→ Your instructions: Please set down each of the lines below once more, exactly, omitting all pictures.

Stored data
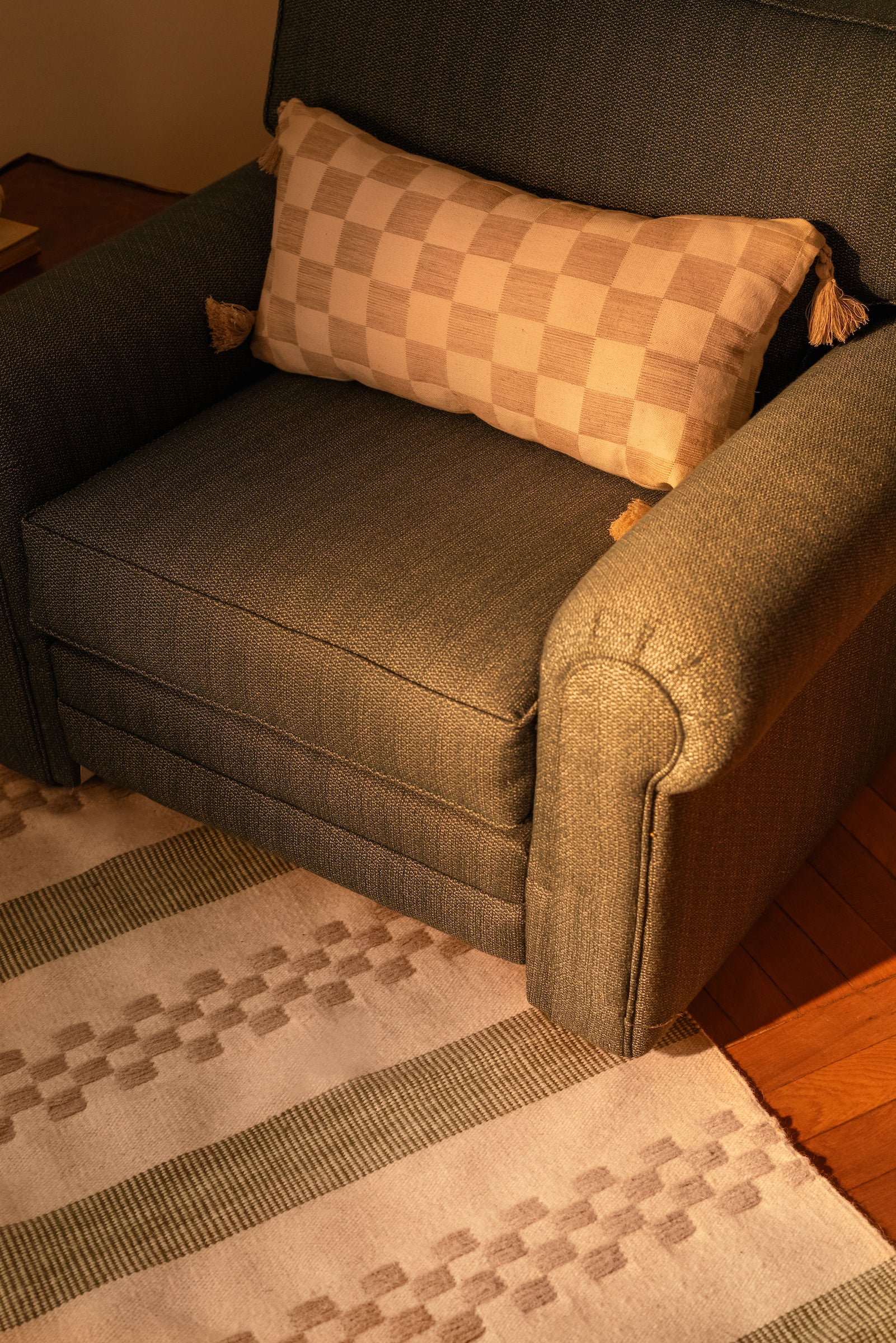 Rooted in the brick patterns of Cairo’s streets and courtyards, The Masonry Collection transforms architectural rhythm into woven texture. Handcrafted in wool and finished in warm neutrals, each kilim rug carries the calm, grounded spirit of Cairene earth and design.
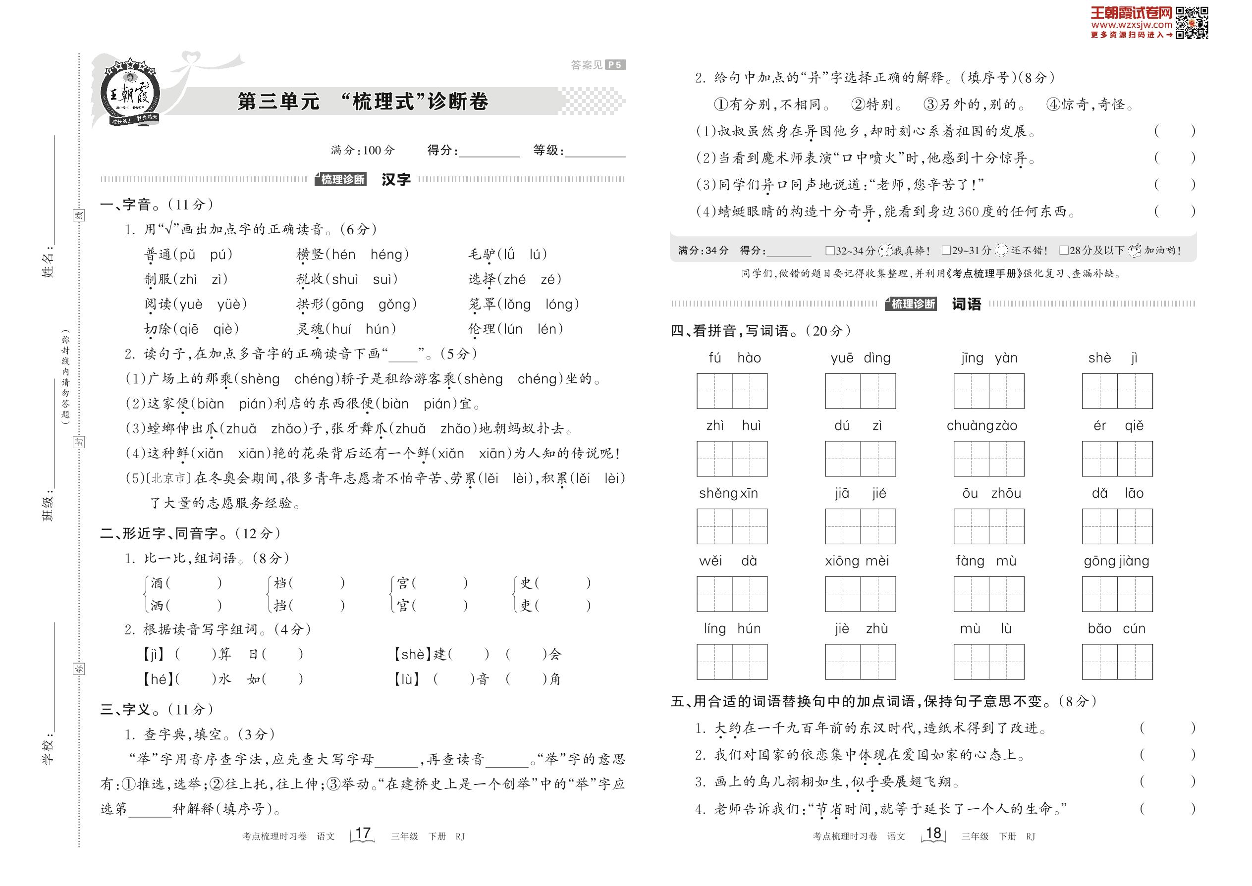 2023下册三年级语文人教版 第三单元 “梳理式”诊断卷
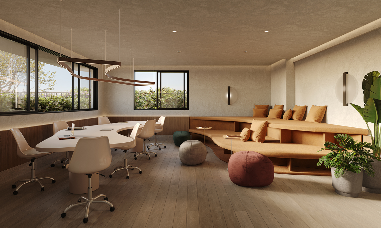 A fluidez da fachada tem origem em seu próprio universo criativo. Reconhecido pelo mobiliário de curvas marcantes, o arquiteto buscou inspiração no icônico banco Mambo para conceber o desenho arredondado que imprime leveza, movimento e identidade à obra. Um encontro entre arte, design e arquitetura que transforma o empreendimento em uma peça escultural na cidade.
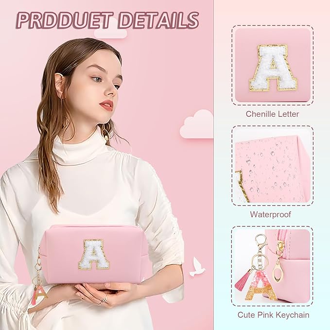 - 【HIGH QUALITY MATERIAL】: The cosmetic bag is made of high quality PU leather, which is not only waterproof and scratch-resistant, but also durable. You can travel with your cosmetics or toiletries in this bag without worrying about damage to your items. The monogrammed metal keychain pull ensures that your belongings are kept safe and organized inside the bag. This makeup bag is also easy to clean and can be easily wiped clean with a damp cloth.
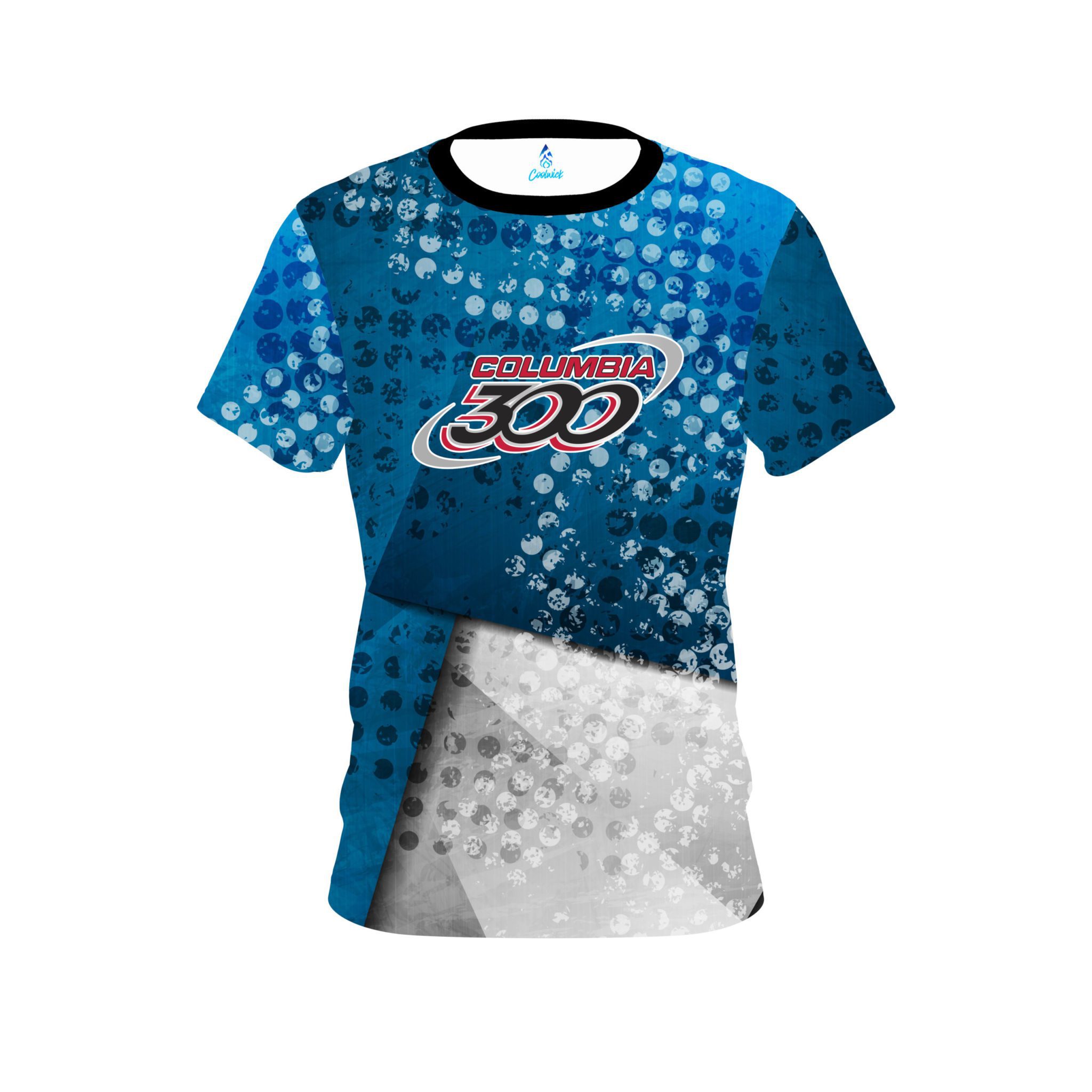 Stay 40% cooler with CoolWick. Our Columbia 300 Blue Grungey CoolWick Bowling Jerseys are made of two different fabrics with the back being our CoolWick technology fabric that helps wick moisture away and helps air flow more easily through the fibers.

→ Answer section:
 Rooted in the brick patterns of Cairo’s streets and courtyards, The Masonry Collection transforms architectural rhythm into woven texture. Handcrafted in wool and finished in warm neutrals, each kilim rug carries the calm, grounded spirit of Cairene earth and design.
 2023下册三年级语文人教版 第三单元 “梳理式”诊断卷
 A fluidez da fachada tem origem em seu próprio universo criativo. Reconhecido pelo mobiliário de curvas marcantes, o arquiteto buscou inspiração no icônico banco Mambo para conceber o desenho arredondado que imprime leveza, movimento e identidade à obra. Um encontro entre arte, design e arquitetura que transforma o empreendimento em uma peça escultural na cidade.
 - 【HIGH QUALITY MATERIAL】: The cosmetic bag is made of high quality PU leather, which is not only waterproof and scratch-resistant, but also durable. You can travel with your cosmetics or toiletries in this bag without worrying about damage to your items. The monogrammed metal keychain pull ensures that your belongings are kept safe and organized inside the bag. This makeup bag is also easy to clean and can be easily wiped clean with a damp cloth.
 Stay 40% cooler with CoolWick. Our Columbia 300 Blue Grungey CoolWick Bowling Jerseys are made of two different fabrics with the back being our CoolWick technology fabric that helps wick moisture away and helps air flow more easily through the fibers.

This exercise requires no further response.